• PROBLEM REQUIREMENTS: The lines below, from the one containing "Im Obergeschoss erwartet" through the one containing "田子の浦しらすの生しらすを食", should be set down exactly, with no pictures and nothing else.

━━━ MATERIAL FOR THIS EXERCISE ━━━

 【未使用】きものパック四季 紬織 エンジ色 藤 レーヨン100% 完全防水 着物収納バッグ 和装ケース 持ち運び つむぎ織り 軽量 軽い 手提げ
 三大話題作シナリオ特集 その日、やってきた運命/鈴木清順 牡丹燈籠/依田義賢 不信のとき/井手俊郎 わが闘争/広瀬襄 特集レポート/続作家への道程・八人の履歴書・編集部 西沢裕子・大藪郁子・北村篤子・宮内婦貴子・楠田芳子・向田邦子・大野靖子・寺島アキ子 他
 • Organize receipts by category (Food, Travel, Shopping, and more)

━━━
━━━ MATERIAL FOR THIS EXERCISE ━━━

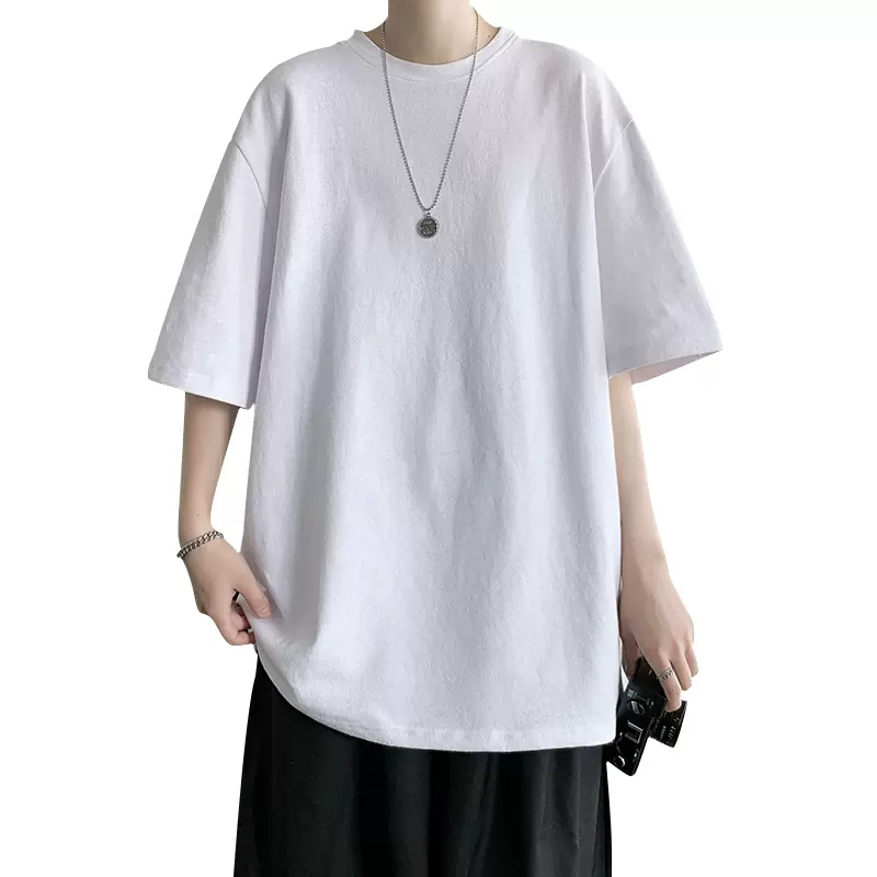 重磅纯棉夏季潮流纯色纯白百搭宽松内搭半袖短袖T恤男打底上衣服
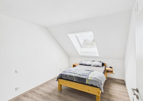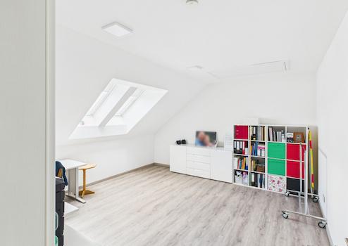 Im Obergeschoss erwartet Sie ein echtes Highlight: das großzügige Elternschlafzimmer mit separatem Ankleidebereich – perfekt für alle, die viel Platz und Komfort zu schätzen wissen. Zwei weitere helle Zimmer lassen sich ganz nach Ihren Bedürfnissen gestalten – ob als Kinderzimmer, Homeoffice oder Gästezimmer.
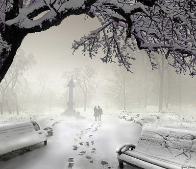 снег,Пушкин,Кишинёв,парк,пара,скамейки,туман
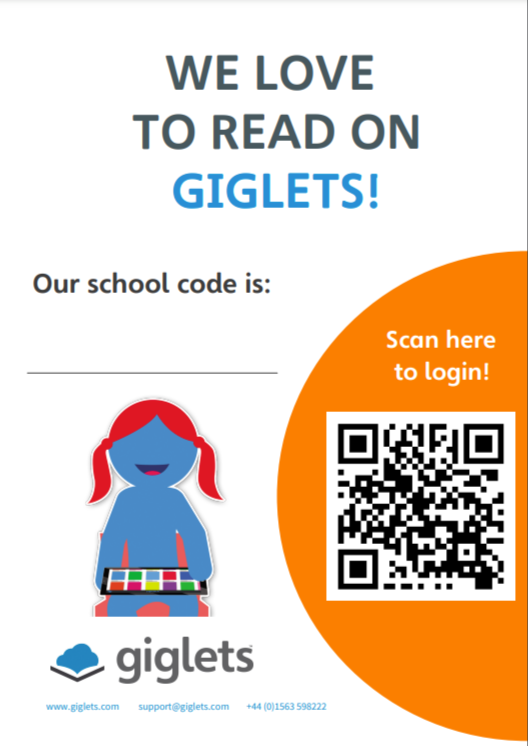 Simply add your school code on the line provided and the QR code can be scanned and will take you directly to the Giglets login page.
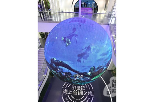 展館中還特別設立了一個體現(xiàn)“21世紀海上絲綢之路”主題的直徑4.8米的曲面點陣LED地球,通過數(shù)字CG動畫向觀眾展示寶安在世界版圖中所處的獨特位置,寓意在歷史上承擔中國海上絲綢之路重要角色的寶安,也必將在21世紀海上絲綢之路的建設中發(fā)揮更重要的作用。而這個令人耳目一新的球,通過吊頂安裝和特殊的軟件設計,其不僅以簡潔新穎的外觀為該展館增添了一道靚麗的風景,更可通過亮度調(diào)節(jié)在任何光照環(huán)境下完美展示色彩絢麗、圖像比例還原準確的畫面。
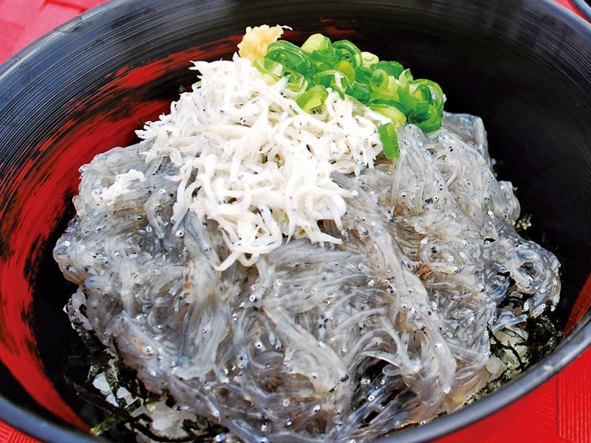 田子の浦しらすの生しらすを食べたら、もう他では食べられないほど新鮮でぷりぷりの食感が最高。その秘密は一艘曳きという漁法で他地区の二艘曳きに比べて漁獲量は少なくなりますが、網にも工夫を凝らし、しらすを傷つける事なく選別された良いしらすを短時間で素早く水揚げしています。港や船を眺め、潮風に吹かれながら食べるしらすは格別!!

━━━

• EXERCISE OUTPUT:
 Im Obergeschoss erwartet Sie ein echtes Highlight: das großzügige Elternschlafzimmer mit separatem Ankleidebereich – perfekt für alle, die viel Platz und Komfort zu schätzen wissen. Zwei weitere helle Zimmer lassen sich ganz nach Ihren Bedürfnissen gestalten – ob als Kinderzimmer, Homeoffice oder Gästezimmer.
 снег,Пушкин,Кишинёв,парк,пара,скамейки,туман
 Simply add your school code on the line provided and the QR code can be scanned and will take you directly to the Giglets login page.
 展館中還特別設立了一個體現(xiàn)“21世紀海上絲綢之路”主題的直徑4.8米的曲面點陣LED地球,通過數(shù)字CG動畫向觀眾展示寶安在世界版圖中所處的獨特位置,寓意在歷史上承擔中國海上絲綢之路重要角色的寶安,也必將在21世紀海上絲綢之路的建設中發(fā)揮更重要的作用。而這個令人耳目一新的球,通過吊頂安裝和特殊的軟件設計,其不僅以簡潔新穎的外觀為該展館增添了一道靚麗的風景,更可通過亮度調(diào)節(jié)在任何光照環(huán)境下完美展示色彩絢麗、圖像比例還原準確的畫面。
 田子の浦しらすの生しらすを食べたら、もう他では食べられないほど新鮮でぷりぷりの食感が最高。その秘密は一艘曳きという漁法で他地区の二艘曳きに比べて漁獲量は少なくなりますが、網にも工夫を凝らし、しらすを傷つける事なく選別された良いしらすを短時間で素早く水揚げしています。港や船を眺め、潮風に吹かれながら食べるしらすは格別!!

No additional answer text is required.